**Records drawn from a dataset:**
┄┄┄┄┄┄┄┄┄┄

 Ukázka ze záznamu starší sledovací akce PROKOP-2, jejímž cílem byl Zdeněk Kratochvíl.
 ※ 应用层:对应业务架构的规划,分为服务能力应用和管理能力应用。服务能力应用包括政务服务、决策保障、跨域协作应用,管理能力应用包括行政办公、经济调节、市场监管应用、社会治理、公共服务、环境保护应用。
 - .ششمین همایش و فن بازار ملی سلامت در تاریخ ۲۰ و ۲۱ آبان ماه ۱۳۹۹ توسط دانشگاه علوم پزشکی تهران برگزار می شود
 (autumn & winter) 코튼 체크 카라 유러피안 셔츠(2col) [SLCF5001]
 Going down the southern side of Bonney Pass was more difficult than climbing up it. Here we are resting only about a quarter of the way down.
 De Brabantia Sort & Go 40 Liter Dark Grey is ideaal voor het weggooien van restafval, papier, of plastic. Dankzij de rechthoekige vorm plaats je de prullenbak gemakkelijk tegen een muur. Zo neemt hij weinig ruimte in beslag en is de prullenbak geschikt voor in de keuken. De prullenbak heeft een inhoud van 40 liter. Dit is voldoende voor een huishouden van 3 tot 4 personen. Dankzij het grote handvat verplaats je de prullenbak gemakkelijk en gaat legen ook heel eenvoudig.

┄┄┄┄┄┄┄┄┄┄

**Required action:** Using the records above as the source, restate each line verbatim.

**Reply:**
 Ukázka ze záznamu starší sledovací akce PROKOP-2, jejímž cílem byl Zdeněk Kratochvíl.
 ※ 应用层:对应业务架构的规划,分为服务能力应用和管理能力应用。服务能力应用包括政务服务、决策保障、跨域协作应用,管理能力应用包括行政办公、经济调节、市场监管应用、社会治理、公共服务、环境保护应用。
 - .ششمین همایش و فن بازار ملی سلامت در تاریخ ۲۰ و ۲۱ آبان ماه ۱۳۹۹ توسط دانشگاه علوم پزشکی تهران برگزار می شود
 (autumn & winter) 코튼 체크 카라 유러피안 셔츠(2col) [SLCF5001]
 Going down the southern side of Bonney Pass was more difficult than climbing up it. Here we are resting only about a quarter of the way down.
 De Brabantia Sort & Go 40 Liter Dark Grey is ideaal voor het weggooien van restafval, papier, of plastic. Dankzij de rechthoekige vorm plaats je de prullenbak gemakkelijk tegen een muur. Zo neemt hij weinig ruimte in beslag en is de prullenbak geschikt voor in de keuken. De prullenbak heeft een inhoud van 40 liter. Dit is voldoende voor een huishouden van 3 tot 4 personen. Dankzij het grote handvat verplaats je de prullenbak gemakkelijk en gaat legen ook heel eenvoudig.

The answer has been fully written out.